Bio-derived graphene nanosheets for sustainable enhancement of cement mortar properties: experiments and machine learning insights
摘要
In this study, a bio-derived graphene-based nanosheet (GNS) synthesized from recycled organic waste was incorporated into cement mortars to enhance mechanical and physical performance. The effects of GNS on compressive strength, flexural strength, bulk density, and water absorption were systematically evaluated. The results showed significant mechanical improvements, with compressive and flexural strengths increasing by up to 37% and 56%, respectively, compared with the control mortar. In parallel, machine learning models – multilayer perceptron artificial neural networks (MLP-ANN), Extreme Gradient Boosting (XGBoost), and Light Gradient Boosting Machine (LightGBM) – were developed to predict compressive strength using experimental data at curing ages of 7, 14, and 28 days. Among the evaluated models, the ANN achieved the highest predictive accuracy, with R2 values of 0.92 and 0.90 for the training and testing datasets, respectively.
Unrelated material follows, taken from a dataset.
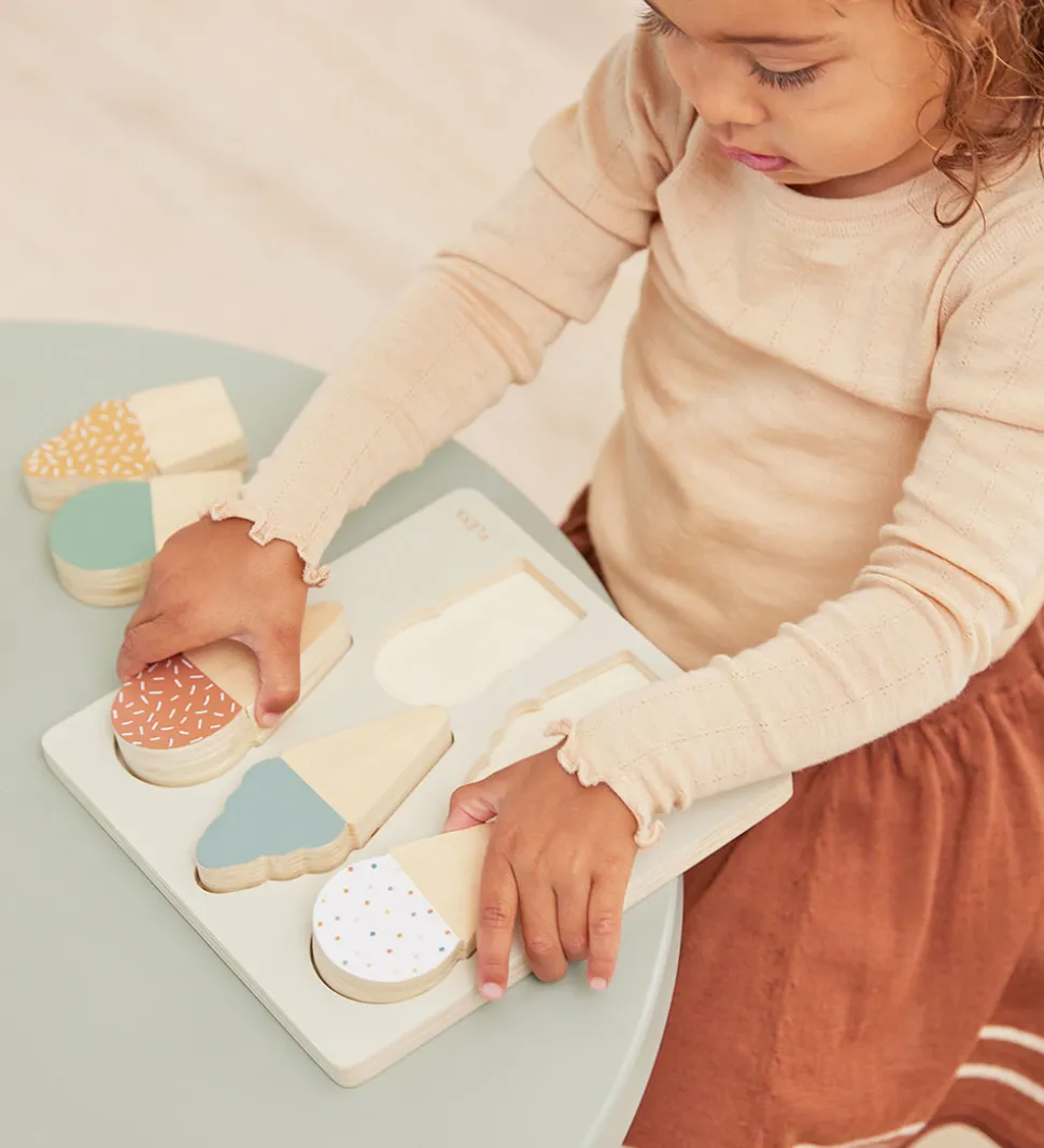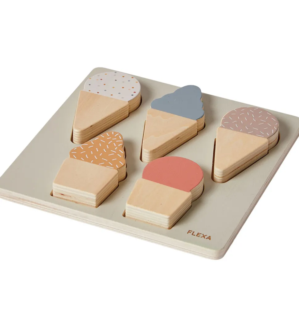 Flexa puslespillet indeholder isvafler med forskellige farver og møsntre, der stimulerer både fantasi og finmotorikken. Puslespillet er ideelt til leg og læring, og Flexa’s kvalitet sikrer, at det kan bruges mange gange, og de smukke brikker er nemme at håndtere for små hænder.

SHapley Additive exPlanations (SHAP) were further employed to interpret the ANN predictions and quantify the influence of curing age, water-to-binder ratio, GNS dosage, and cement content. Overall, the findings confirm the potential of bio-derived GNS as a sustainable mortar additive and highlight the effectiveness of ANN-based models for performance prediction and mixture optimization.